Scheduling with Hermes
Hermes can schedule Aegis validations on a recurring cadence:
Run the fraud-aml pipeline every morning at 8am and alert me in Slack
if anything is CRITICAL severity.
Hermes owns the schedule and alerting. Aegis owns the validation and diagnosis. Every run is logged to the audit trail automatically.
Troubleshooting
Hermes can't find the aegis command
Ensure aegis-dq is installed in the same Python environment Hermes uses. Run which aegis to confirm, then set the full path in command: if needed.
Could not resolve authentication method
The ANTHROPIC_API_KEY (or equivalent) is not set. Add it to ~/.hermes/.env or the env: block in your Hermes MCP server config.
Missing required connection params
The warehouse env vars are not set in your Hermes mcp_servers.aegis.env block. Check the warehouse setup tab in the Setup section.
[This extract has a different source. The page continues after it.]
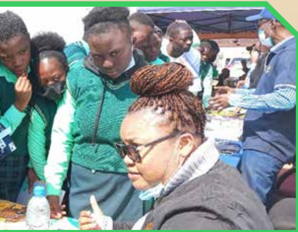
litisation road show in Kanyama Township, Lusaka.

LLM diagnosis is slow or expensive
Switch to claude-haiku-4-5-20251001 in your Hermes config — 10× cheaper than Sonnet with comparable quality for DQ diagnosis tasks.
Generated rules have SQL syntax errors
The most common issue is date functions. DuckDB uses date_diff('day', start, end) not DATEDIFF(day, ...). Test individual queries directly against DuckDB before running the full pipeline.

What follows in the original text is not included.